Eddison Electronic Company Analysis
Eddison Electronic Company (EEC) provides electricity for several states in the United States. You have been employed as a cost accountant at this organization. The Operations department is thinking about making a capital investment this current year. Prepare a memo to the VP of Accounting at EEC that answers the questions below based on the following criteria:
- EEC expects to save $500,000 per year for the next 10 years by purchasing the supplier.
- EEC’s cost of capital is 14%.
- EEC believes it can purchase the supplier for $2 million.
In your memo to the VP of Accounting, answer the following questions:
- What are the advantageous and disadvantages to each investing method (NPV, IRR, or payback period)?
- Which of the methods (NPV, IRR, or payback period) should EEC use, and why?
- Would your answer be the same if EEC’s cost of capital were 25%? Why or why not?
- Would your answer be the same if EEC did not save $500000 per year as anticipated?

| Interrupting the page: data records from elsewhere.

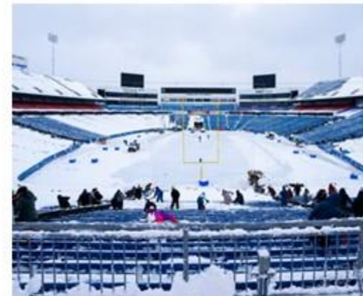
Pictured: American football fans work together to clear snow from the Highmark Stadium in Buffalo.

A huge snowstorm hit parts of the US over the Thanksgiving holiday weekend, with some places getting over three feet of snow! In Buffalo, New York, people grabbed shovels to help the Buffalo Bills American football team clear their stadium before a big game. Governor, Kathy Hochul, said, 'The snow is heavy, but New Yorkers are tougher!' Snowstorms like this are known as lake-effect snowfall; they happen when cold air blows over the Great Lakes, creating fluffy snow. Some areas can see up to six feet of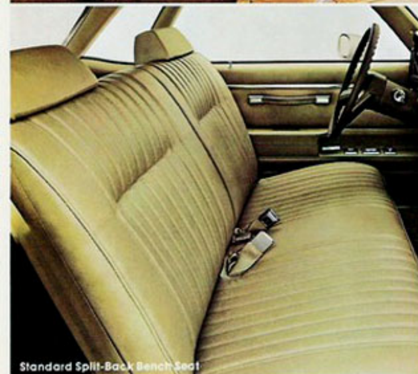
Standard Split-Back Bench Seat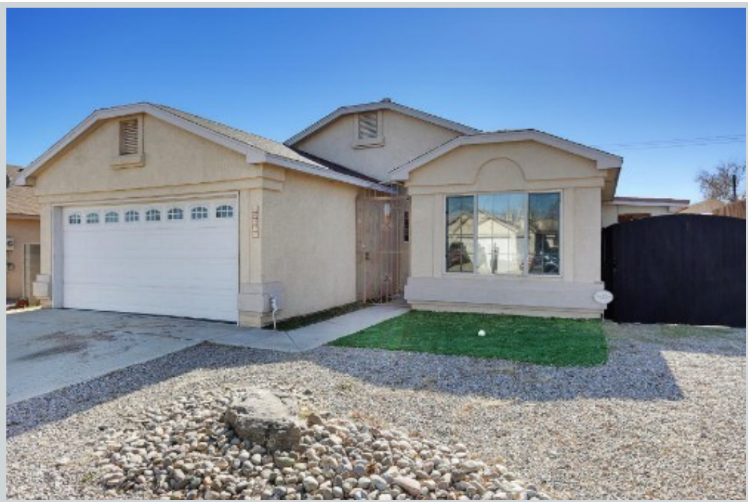
Listing Comp 1 10224 Andalusian Ave Sw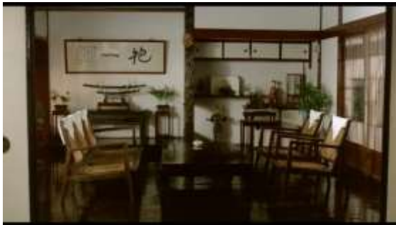
Figure 1 Japanese-style housing TDOTB (1983)

internationally acclaimed films as Days of Being Wild (1990) and In the Mood for Love (2000). According to Yang, some production crews assigned by CMPC would often refuse to take directions from him while he was making Expectations . He was therefore determined to use Doyle, and this supports film producer Jen Hong-zhi's claim that the TNC movement did not involve any major infrastructural changes.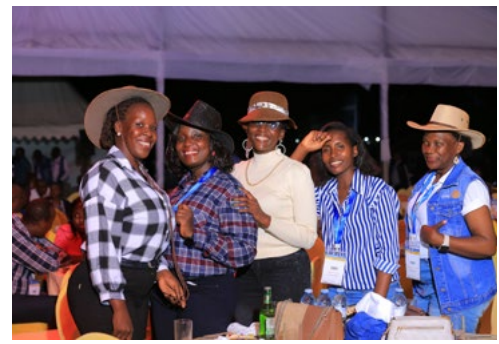
Participants dressed in a cowboy theme pose for a photo on the first day of the 29th ICPAU Annual Seminar.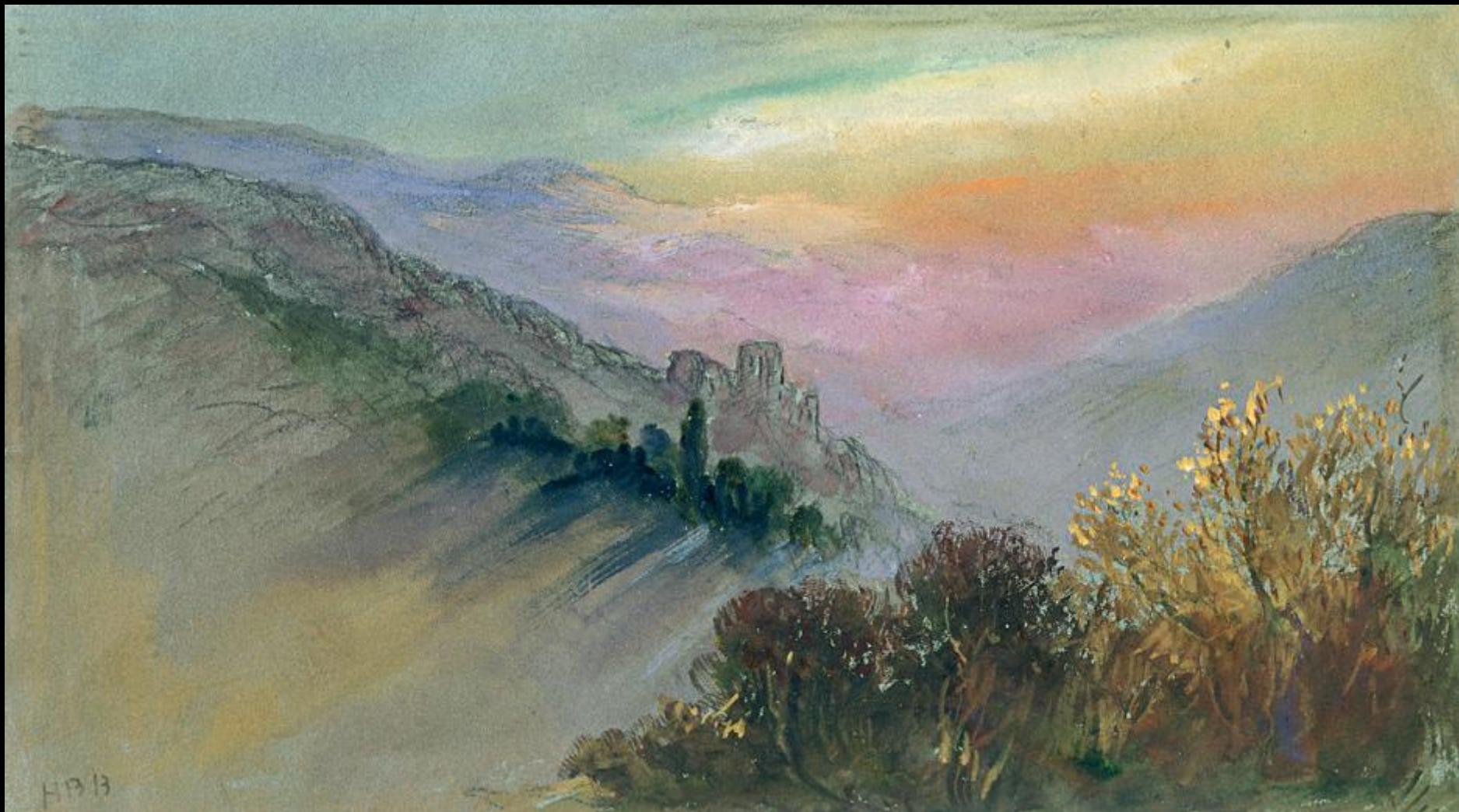
Mountain Landscape -- Hercules Brabazon, Phillips Collection, Washington, DC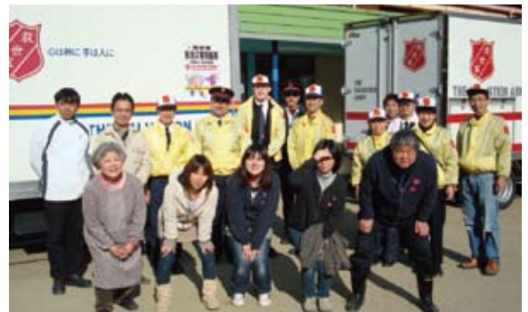
With the staff of the Aiko Kindergarten in Kesenuma City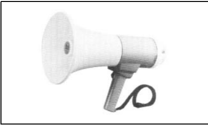
ER-409 & ER-409W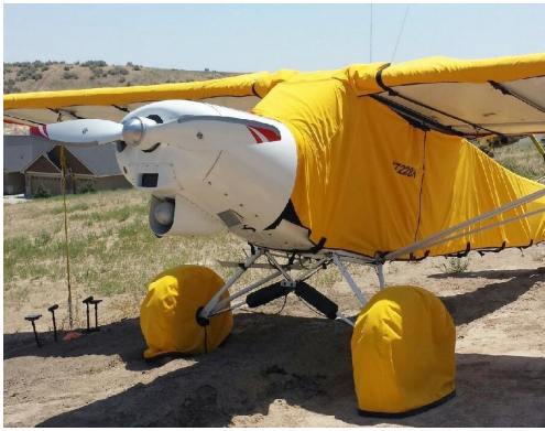
Piper PA-18 Super Cub Extended Canopy Cover, Wing & Tire Covers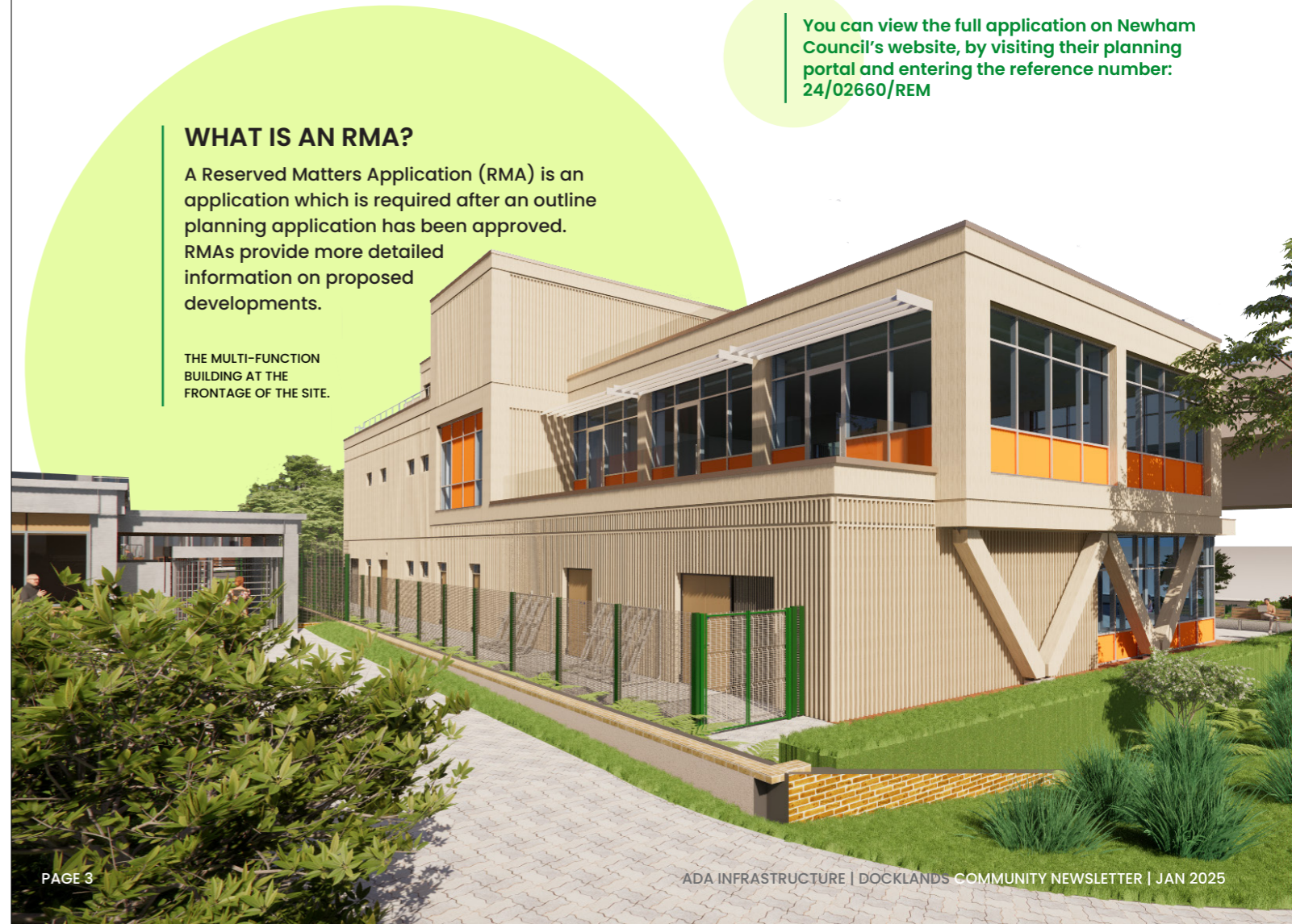
THE MULTI-FUNCTION BUILDING AT THE FRONTAGE OF THE SITE.

You can view the full application on Newham Council's website, by visiting their planning portal and entering the reference number: 24/02660/REM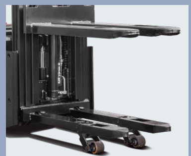
With the upper and lower pallet handling design to meet the stacking operation need and enable a higher efficiency of goods handling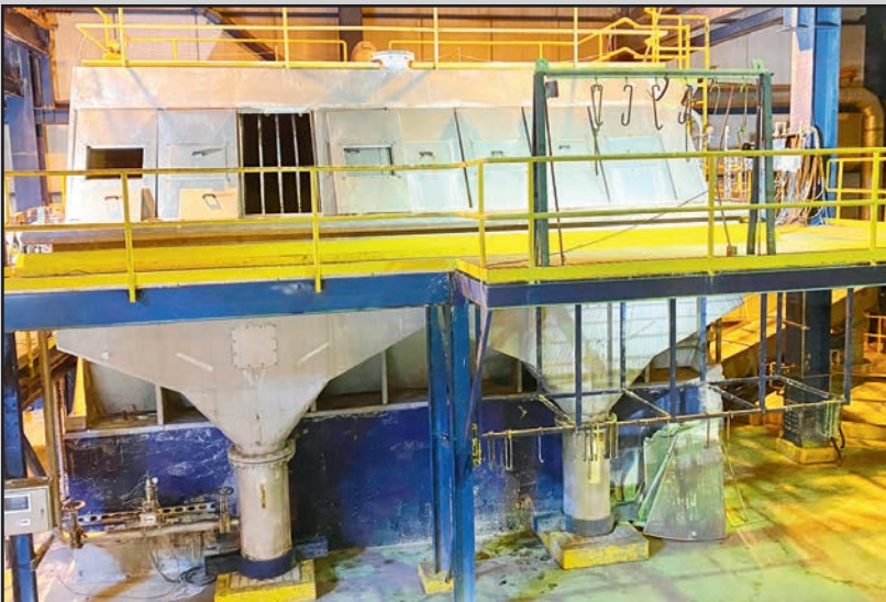
CELLECO 316 STAINLESS STEEL DISC FILTER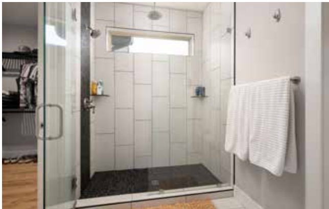
... and a Step-in Shower with Large Tile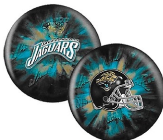
JACKSONVILLE JAGUARS / 6314R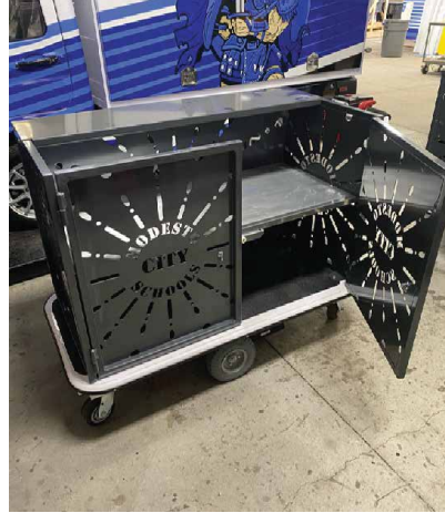
Transport Food Without Spilling

Standard Or Customized For Your Application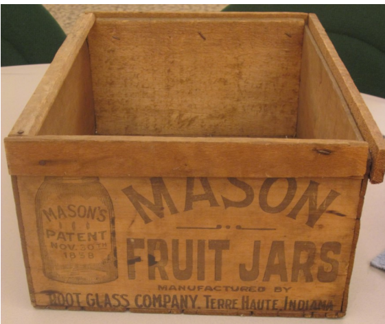
Wooden shipping box for one dozen quart Mason fruit jars from the Root Glass Company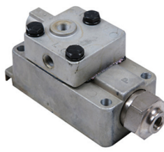
SAP-A5000 Slave Valve Assembly Supply Port (2) 1/8" P.T. Delivery Ports (3) 1/8" P.T. Control Port (1) 1/8" P.T.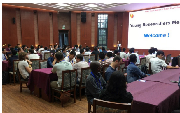
Fig. 7. Opening session of the Young Researchers Meeting

IHTC–16 also included a Young Researchers Meeting designed to encourage casual interchanges of research and ideas in thermal science and engineering and to expand the international networks among young researchers from all over the world. Figure 7 shows the large number of participants at the opening session. The meeting included a visit to the Summer Palace and Tsinghua University, stimulating networking activities, and a dinner party with more than 50 participants.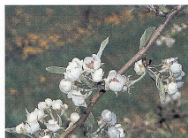
Blossom time on Skiftun.

- What would be the least amount of savings that would make this investment attractive to EEC?
- Based on your calculations, should EEC acquire the supplier? Why or why not?
Eddison Electric Company (EEC) provides electricity for several states in the United States. You have been employed as a cost accountant at this organization. The President of EEC recently called a meeting to announce that a firm has approached EEC about a possible acquisition. The President wants to consider this purchase and has requested that you and your staff analyze the feasibility of acquiring this supplier. Discuss the following:
- Which costs would be utilized in making the decision to purchase the asset? Are future costs relevant in the decision-making process? Please justify and support your position.
- List and discuss the pros and/or cons associated with this potential acquisition.